▶ [Exercise instructions]
Transcribe the listing exactly, so that nothing but the pictures is missing.
** Raw data follows **
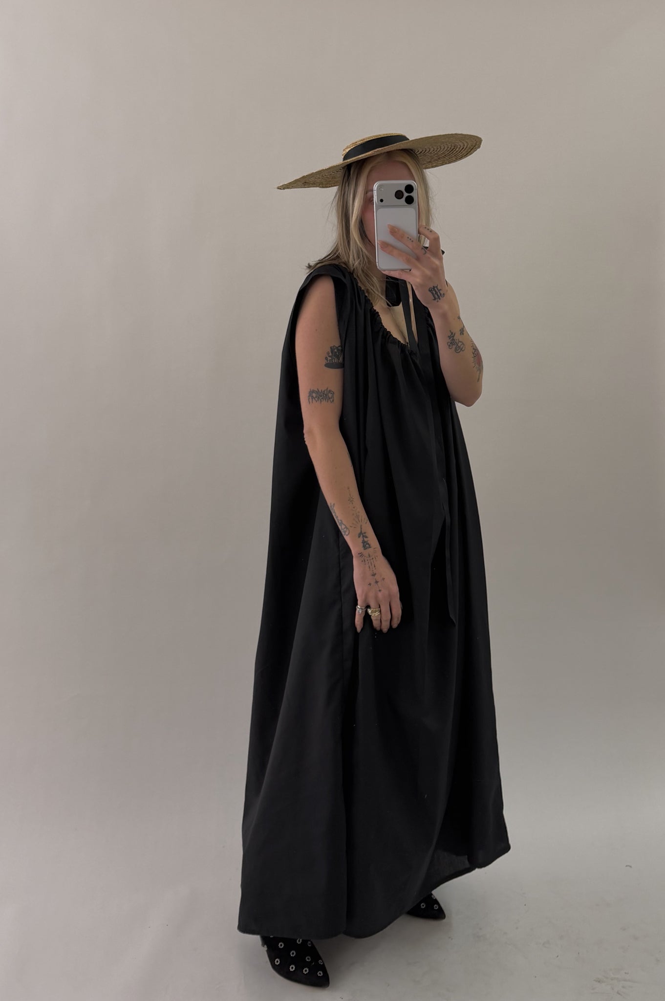Styles are not pinned, pulled or tucked, they are worn and photographed as-is so that fit is accurately portrayed. Everything is made from vintage, deadstock, or antique materials. Your item may vary slightly from the fabric pictured here or have small flaws. Reducing waste is a top priority, so your item may be patched together slightly, in a non-noticeable way. In another effort to reduce waste, if edges are self finished or will not fray and show, they will be left as-is. The fabric is very delicate, please wear carefully.
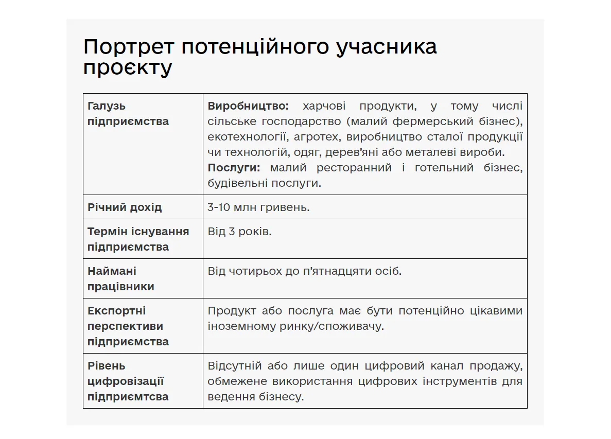 Принять участие могут предприятия, официально зарегистрированные как ФЛП или юридическое лицо. Вместе с тем к претендентам есть несколько важных требований.
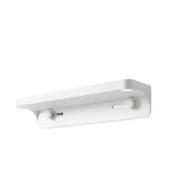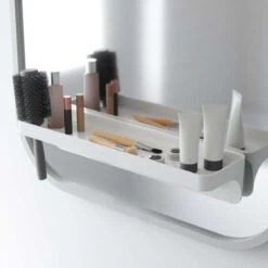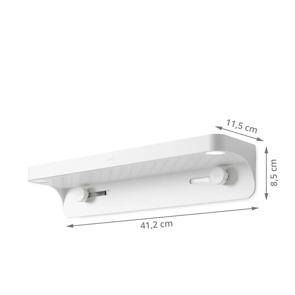 A l’aide de ses ventouses, cette étagère de salle de bain se fixe facilement sur une surface non poreuse (miroir, carrelage….) pour créer une nouvelle surface de rangement. Sobre et design, elle est en plastique blanc perforé pour que l’eau ne stagne pas. Vous pourrez donc même la fixer dans une douche sans craindre qu’elle ne se transforme en bassine. Elle sert à poser shampoing, savons, flacons de parfum, tubes de crème, verre à dents…. Cette tablette possède à chaque extrémité 2 trous d’environ 3 cm de diamètre dans lesquels vous pourrez suspendre rasoir ou brosse à cheveux.
** End of Raw data **
▶ [Reply to the exercise]
Styles are not pinned, pulled or tucked, they are worn and photographed as-is so that fit is accurately portrayed. Everything is made from vintage, deadstock, or antique materials. Your item may vary slightly from the fabric pictured here or have small flaws. Reducing waste is a top priority, so your item may be patched together slightly, in a non-noticeable way. In another effort to reduce waste, if edges are self finished or will not fray and show, they will be left as-is. The fabric is very delicate, please wear carefully.
 Принять участие могут предприятия, официально зарегистрированные как ФЛП или юридическое лицо. Вместе с тем к претендентам есть несколько важных требований.
 A l’aide de ses ventouses, cette étagère de salle de bain se fixe facilement sur une surface non poreuse (miroir, carrelage….) pour créer une nouvelle surface de rangement. Sobre et design, elle est en plastique blanc perforé pour que l’eau ne stagne pas. Vous pourrez donc même la fixer dans une douche sans craindre qu’elle ne se transforme en bassine. Elle sert à poser shampoing, savons, flacons de parfum, tubes de crème, verre à dents…. Cette tablette possède à chaque extrémité 2 trous d’environ 3 cm de diamètre dans lesquels vous pourrez suspendre rasoir ou brosse à cheveux.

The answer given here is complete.